I listened to them ravenously, eating up their content as fast as I could comprehend it. I won’t bore you with the details but it is helping me. Currently the biggest take away was learning my personality type, even if you don’t believe in it you should give it a chance. Why was knowing my personality type so important? I am an intuitive, I won’t get real wordy with the definition but essentially I have an abstract thought process. I don’t require verifiable data, I speculate…a lot. It gets me into to trouble, as it turns out a lot of people are not intuitive as their first nature. The world isn’t built for people like Allie and I. We don’t just march to the beat of different drum, we have to invent a new drum first.
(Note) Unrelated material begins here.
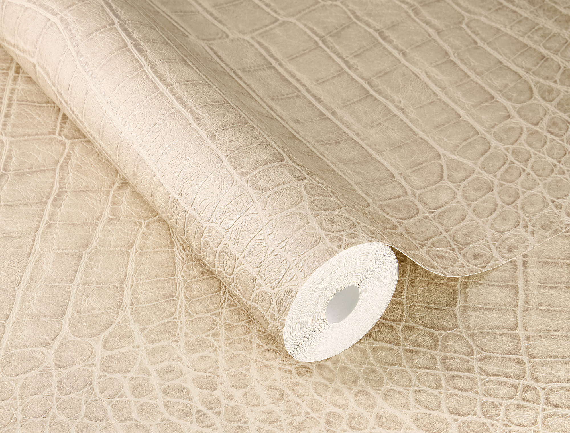 Obwohl kein Krokodil für diese atemberaubende Vliestapete in Beige seinen Platz im Wasser verlassen musste, ziert von nun an ein phantastisches Krokodilleder das Zuhause. Dank einer perfekten Nachahmung des besonderen Schuppenpanzers entsteht so ein fabelhaftes Muster an der Wand und verleiht jedem Raum Eleganz, Individualität und einen Hauch Exotik.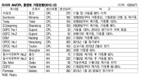 아시아 AN(Acrylonitrile) 시장의 수급타이트가 심화되고 있다. 아시아 CPL(Caprolactom) 시장이 가동률 하향조정을 지속하고 있다. 표, 그래프: < 아시아 AN/CPL 플랜트 가동현황(2012.12) > <화학저널 2012/12/20> |

Allie (who is also intuitive and quite possibly a militia leader with some different nurturing in her early life) and I have decided on a topic which is the intuitive mind. It involves speculation, observation and helpful information for other intuitives or you regular folk who want to see how the “other side” thinks. We will share our homestead projects and the perspective that we both share on them. Our hope is not just to entertain but to enlighten people who see that ‘weirdos’ are more then broken.